I know Krashen’s research centers on much younger grades than our students in AP English; however, reading is reading, and students gain skills by doing it — skills that improve their lives far beyond those tested on one day in May as they sit for the AP English exam.

My students just wrote end-of-year reading evaluations on their blogs. Here’s a few of the highlights about reading this year in their own words. This is the kind of data I value:

“Being apart of a reading community has benefited me deeply within my entire life. Even though I didn’t read as much as I wanted to, the reading that I did do was very beneficial. Reading helped me expand my vocabulary a lot. Sometimes when I would speak to my mom I would use a word that I learned from the book I was reading and she would just look at me like she didn’t know who I was. Reading also helped me become a better writer. So many different books that I read helped me use different structures, understand how to use rhetorical devices, and use my upper level vocabulary.”  DeDe, currently reading Thirteen Reasons Why by Jay Asher

“Being part of a reading community as a student opened my mind how others thought of the book we were currently reading together. Occasionally, I’m an ostrich that’s always in the ground; thoughts to myself, ideas to myself, and the “this is what this means” mentality. I’ve slowly learned how to use the point of view of others by implementing it into my own work. In addition, this year’s English class did not feel like a burden compared to previous years. The freedom of choice we were given provided us with the decision to pick a book we enjoyed.” Doreen, currently reading The Goldfinch by Donna Tartt

“I believe the place I need to improve as a reader is being able to find the hidden meanings or putting everything together in order for me to understand a book. Sometimes without me noticing I just read to read and I forget what I read and have to read the paragraph or page again in order for me to understand it. I need to read and take everything under consideration and understand what it is that I’m reading and at the end put it back together. Maybe my problem is that I try to read too fast.” Johnny, currently reading The Alex Crow by Andrew Smith

“Being part of a reading community benefited me because I always felt like I needed to be reading a book. It felt splendid being a part of something, especially something I would of never thought I would be a part of.  I understood the importance of reading. The more you read, the better writer you will become. I realized what genre of books I liked and which ones I didn’t. Most importantly I explored a different variety of books and read a minimum of 12 books. Something I had never done before. Usually I would read a minimum of 3 books every year.” Lizbeth, currently reading Playing Dead byJulia Heaberlin

“My journey began with Escape From Camp 14. I moved through different genres and difficulty levels thereafter: Anna and the French kiss, Allegiant, High School Bites, The Glass Castle, The Curious Incident of the Dog in the Night-Time, Where’d You Go Bernadettte, The Art of Secrets, The Hot Zone, Little Bee, The Joy Luck Club, Down the Rabbit Hole, Room, Incendiary, The Wright 3, and most recently, Y. During this time, I abandoned The Kite Runner, The Thirteenth Tale, Ready Player One, Saving Fish From Drowning, Telegraph Avenue, and Station Eleven.   Even I find it odd, that out of the entire list, I enjoyed The Joy Luck Club more than any other. I say this because I’m not the patient type- I like constant action, fueled excitement. The Joy Luck Club almost counters that expectation, and if I had to describe it, I might even consider calling it boring.” Nawoon, currently choosing — just abandoned Station Eleven

This evaluation by Jasmine is too good to not share the whole of it. And this one by Shaniqua.

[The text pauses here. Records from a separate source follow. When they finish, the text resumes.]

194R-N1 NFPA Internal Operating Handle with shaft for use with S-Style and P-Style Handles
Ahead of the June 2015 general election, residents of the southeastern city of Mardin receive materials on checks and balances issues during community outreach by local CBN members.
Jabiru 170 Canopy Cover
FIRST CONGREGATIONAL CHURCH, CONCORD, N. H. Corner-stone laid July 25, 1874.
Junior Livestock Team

I just need to share one more thing, a little gift I got today as I read student reading evaluations. I know most teachers get these at one time or another.

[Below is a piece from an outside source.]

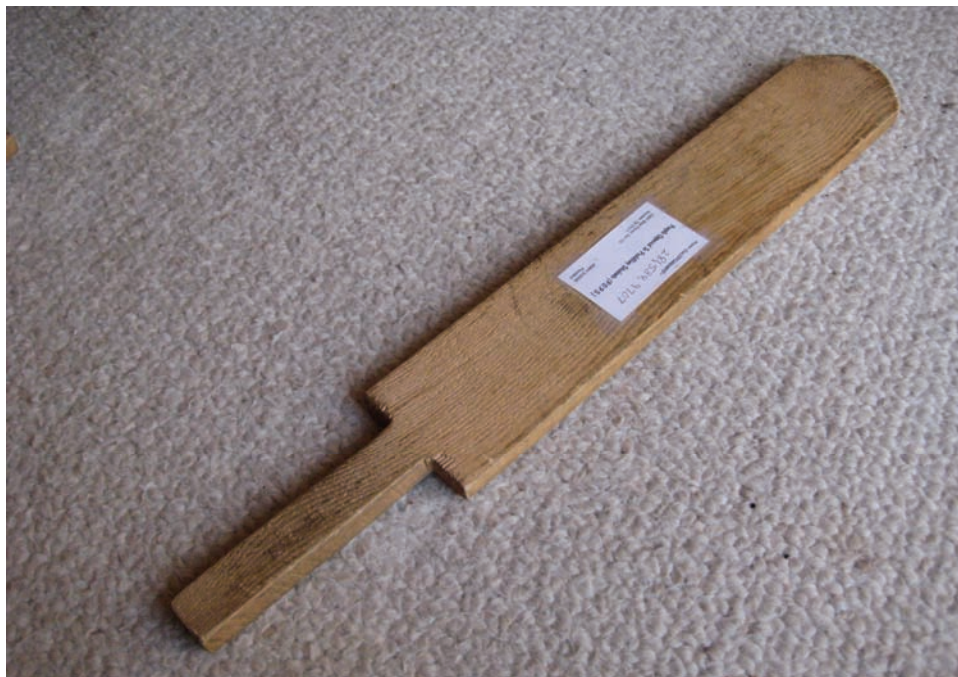
Paddles made from baseball bats (keys indicate size) and standard paddle.
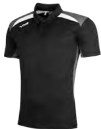
Black/Dark Grey/White Junior: 90417 Adult: 90425

It is the thing that keeps us going.

Laura wrote:

“I still need to improve on not judging a book by it’s cover. For us to GROW as people, we must get out of our COMFORT ZONE and pick up a shattered book because it needs someone to appreciate it’s language. As much as reading conference were sometimes nerve wrecking for me, they helped me get a second opinion on my progress in class as a human and not merely as a student. I can never thank Mrs. Rasmussen enough for dedicating chunks of her life to her students. Positivity in a world were criticism is many people’s issue is so rare and pure. She truly cares about each of us and sees past our struggles and attitudes and tries her best to help us understand it’s okay to have emotions and display them for others to see.  I’ve learned it’s more important to turn our conflicts into beautiful gifts instead of becoming a bitter person.”

Don’t you think that is better than any testing data?

©Amy Rasmussen, 2011 – 2015

 

Our Year-In-Review

As we round out the 2014-2015 academic school year, I would like share our Year-In-Review from us here at TTT and dedicate it to all of our loyal and contributing teacher friends who share in our experiences throughout the year.  Playing with the Reading Writing Workshop model is always exhilarating and fresh and exciting and freeing and thought-provoking.  It’s always propelling us, as educators, to break through barriers and teach with our most authentic teaching souls.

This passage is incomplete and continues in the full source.